Domestic Violence: What It Is – Part One, in a Series of Six

“When I used to hear stories about men beating up their wives, I figured the wives were cheating around.  I never, ever, heard my father raise his voice to my mother, so this was foreign to me.  What goes on behind closed doors is someone's own business, right?” — Dr. Gayle J. Hall, (my thoughts in the 70's and 80's) before I became knowledgeable.

Domestic violence is a serious problem that affects one out of four women in the United States.  The numbers may change according to whether the people questioned are speaking about their former or current relationships.  The abuse may be physical, emotional, or psychological.

Socioeconomic status is not a determining factor of domestic violence in the home.  Domestic violence crosses all boundaries and borders, knows all colors, all ages, and affects women and children.  This is multigenerational.  A child who witnesses domestic violence may grow up to be a victim of domestic violence or become the batterer himself.

Lenore Walker defined domestic violence as behavior characterized by the exploitation of power and control by one person over another who are or have been in an intimate relationship.  This is further described as violence between people who live together and occurs when a family member, partner, or ex-partner attempts to physically or psychologically dominate another.

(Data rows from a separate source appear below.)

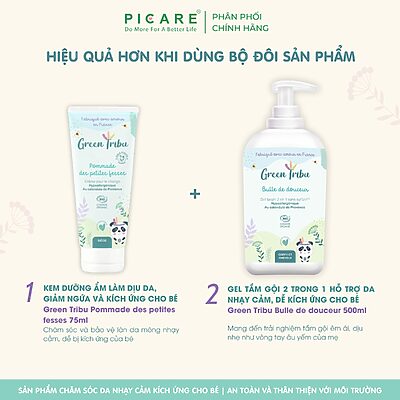 – Hiệu quả hơn khi dùng kèm với “Kem dưỡng ẩm, dịu ngứa da dị ứng/kích ứng da cho bé – Green Tribu Pommade des petites fesses 75ml”.
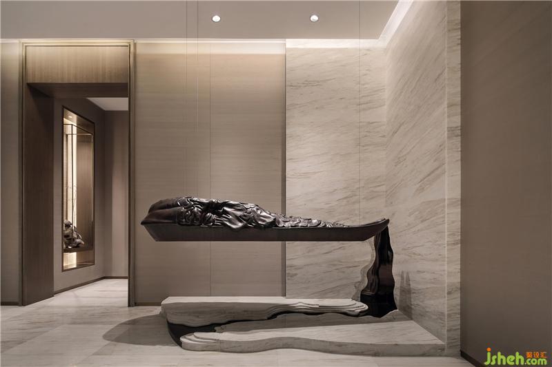 負(fù)二層過道的設(shè)計以“魚翔淺底”為主題,通過藝術(shù)家張華的作品——《云中歌》,結(jié)合大理石墻面及地臺的流水造型,搭配暖色的燈光,自在又安穩(wěn)。表達(dá)出自在悠揚的永恒畫面。人與空間對話,人與物的對話在瞬間定格在剎那。
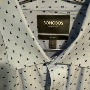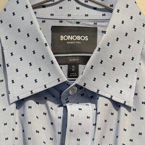 Look sharp and polished in this Bonobos slim-fit, wrinkle-free men's dress shirt. Sized with a 16" neck and 35" sleeve, it features a light blue fabric adorned with a neat, dark blue geometric bowtie print. This shirt offers a clean, modern silhouette perfect for business or formal events.
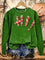 Vintage Christmas Candy Print Casual Cotton Sweatshirt
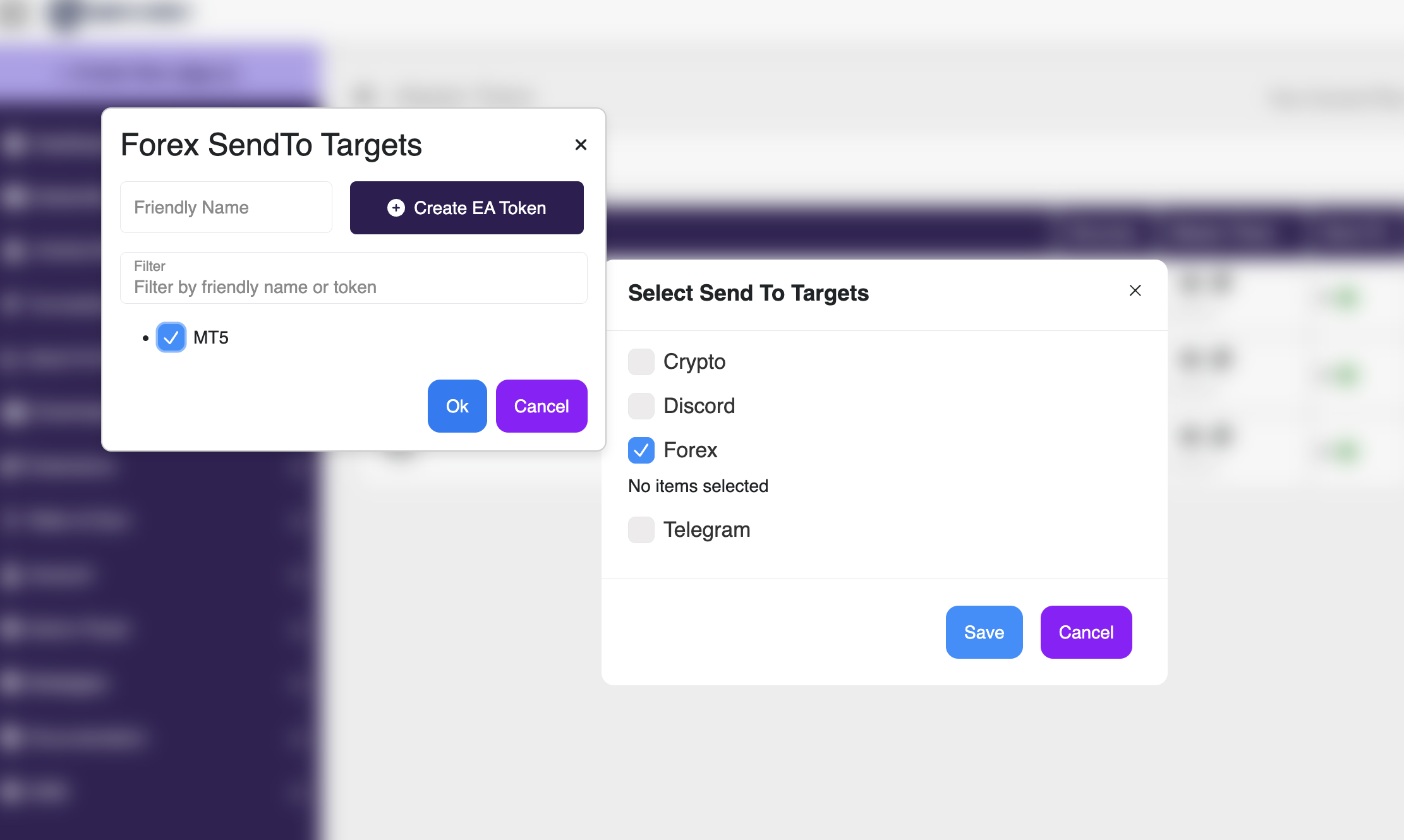 When you select Forex as the Send-To Target and click Enable , the system will ask you to Create an EA Token .
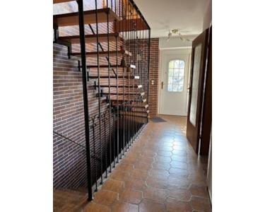 Im Erdgeschoss betreten Sie das Haus und kommen in einen geräumigen Flur, von dem die Treppe ins Dachgeschoss und den Keller abgehen.
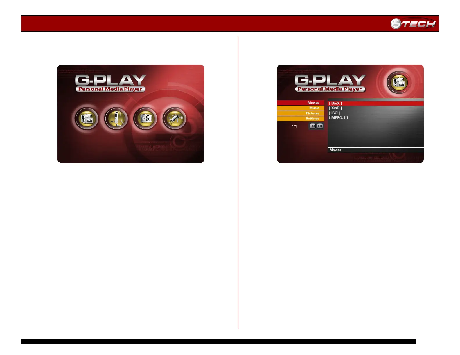 Movies Pictures Music Settings

A battered woman is a victim of domestic violence who has sustained emotional, physical, or psychological abuse by her batterer or partner.  For purposes of the articles in this series, I will refer to the victim as a woman and the batterer as a man, due to the fact that in 95% of all reported cases of domestic violence, the abuser is a male and the victim is a female.  There are same sex couples who report abuse and males may also suffer at the hands of a female abuser.  However, this is not the norm.

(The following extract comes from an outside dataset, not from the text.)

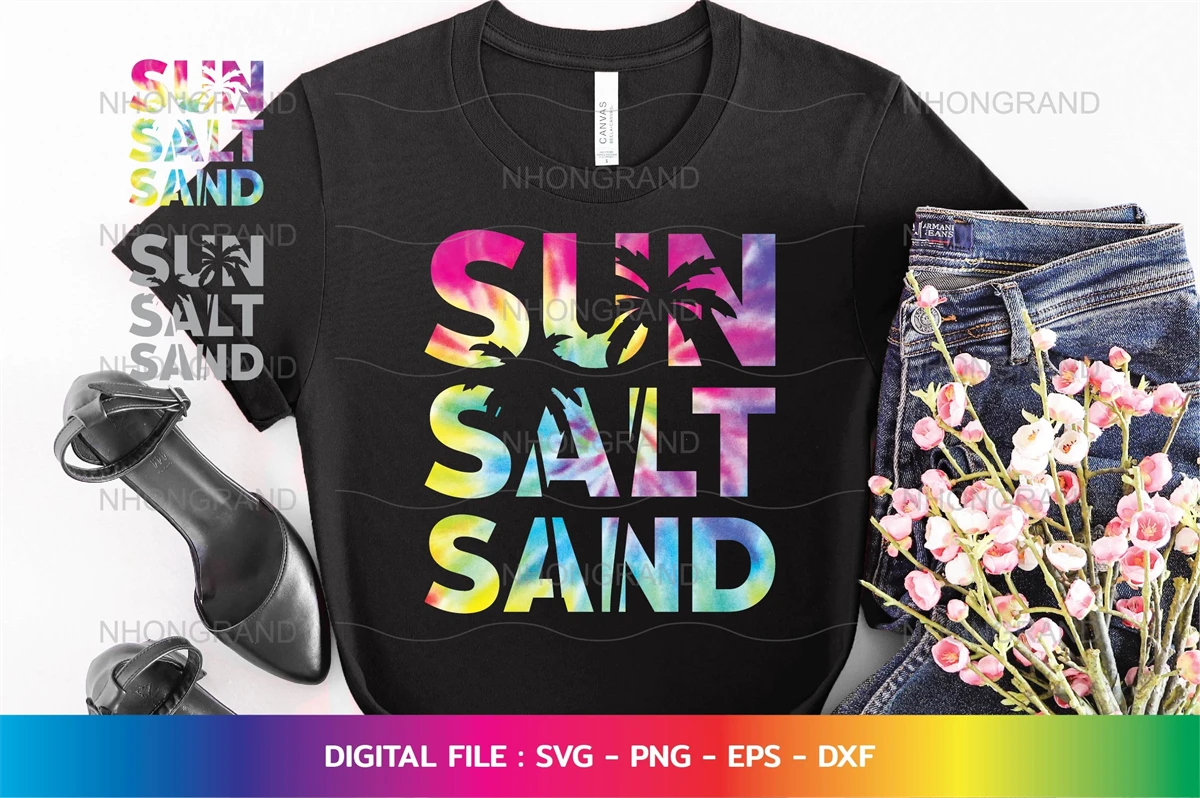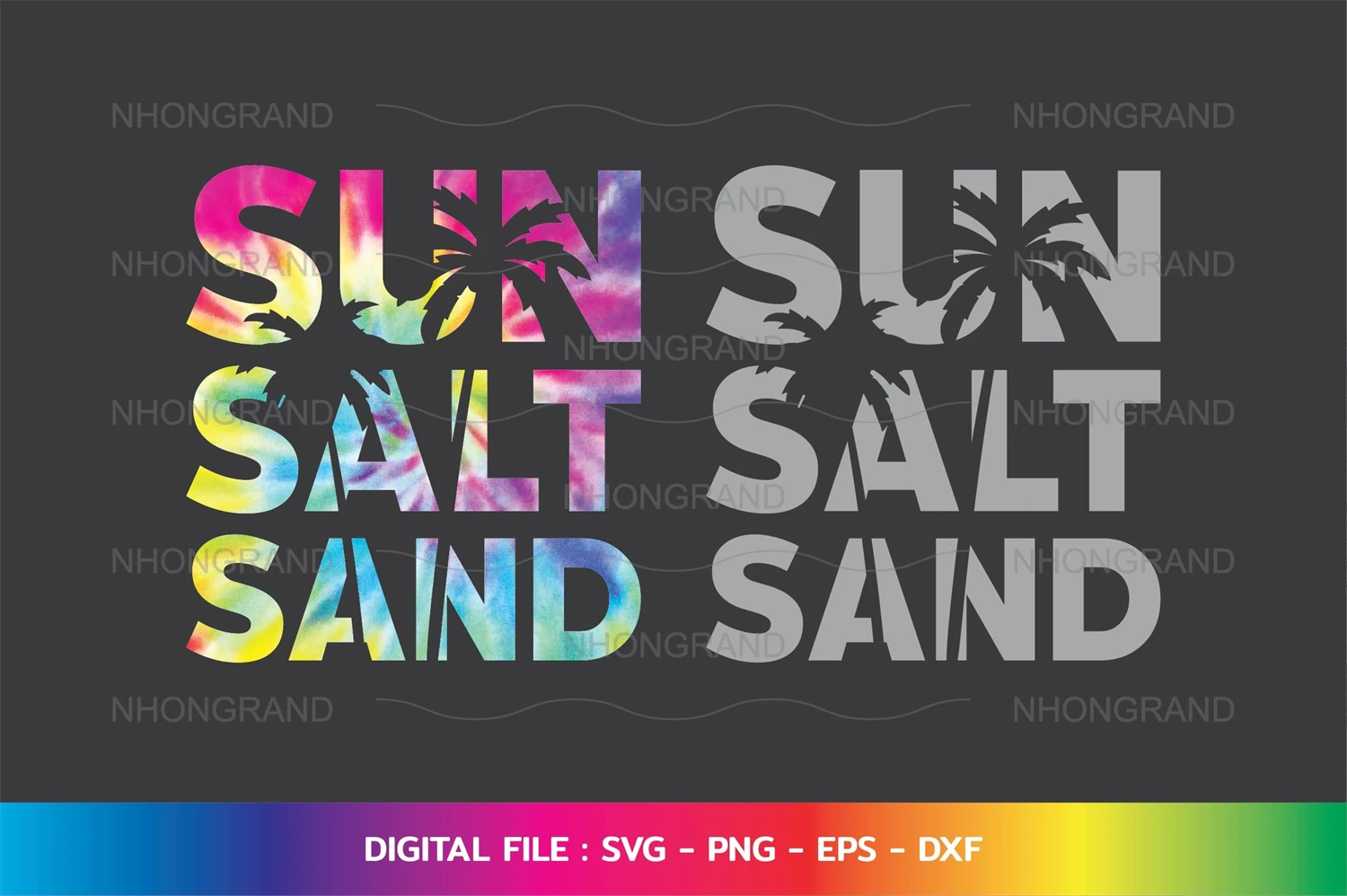 sun salt sand with coconut beach for summer vacation tie dye style Svg, t-shirt, Cricut Files, svg, png, eps, dxf, Instant Download
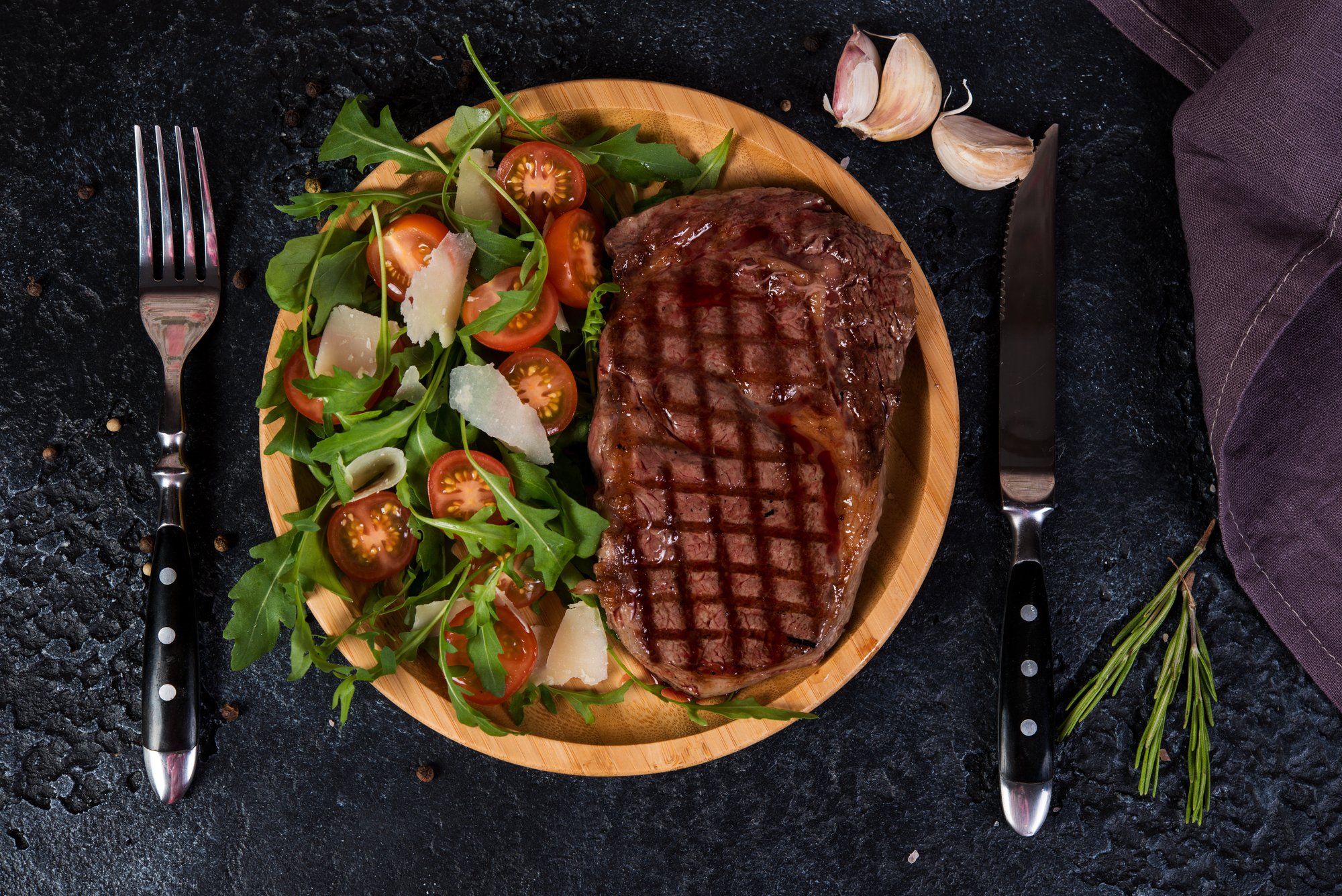 Стейк з руколою і сиром пармезан

Sadly, when I interviewed professional therapists last fall who worked with victims of domestic violence at women's centers, I heard over and over again that quite often, the woman would walk in the door and state that “something was wrong, but they didn't know what it was.”  The victim did not think of herself as a victim.  She thought she had said and done things inappropriately to make her mate angry—so angry that he would slap her, call her derogatory names, hurt the children, or threaten to leave her.  The victim's main concern was how to make her husband or mate “happy” and how she could do a better job at home.  It never crossed the victim's mind that this was not her fault, but rather, the batterer's problem of control.  Many times after that first visit, the client would not come back for months.  It took months for the victim to realize there really was a problem and that she was not to blame.

Women have been victims of domestic violence throughout centuries.  Nonetheless, society has only been discussing this problem since the late 1970's.  Safe houses and women's shelters exist in almost every city, with several, in large metropolitan areas.  There are numerous shelters in the Dallas/Ft. Worth vicinity.  None of them have empty beds.  Is this because there is more brutality now, might it be because women are realizing what domestic violence is, or is it because women can finally ask for help and go to a safe haven instead of risk being killed or having their children injured?  What do you think?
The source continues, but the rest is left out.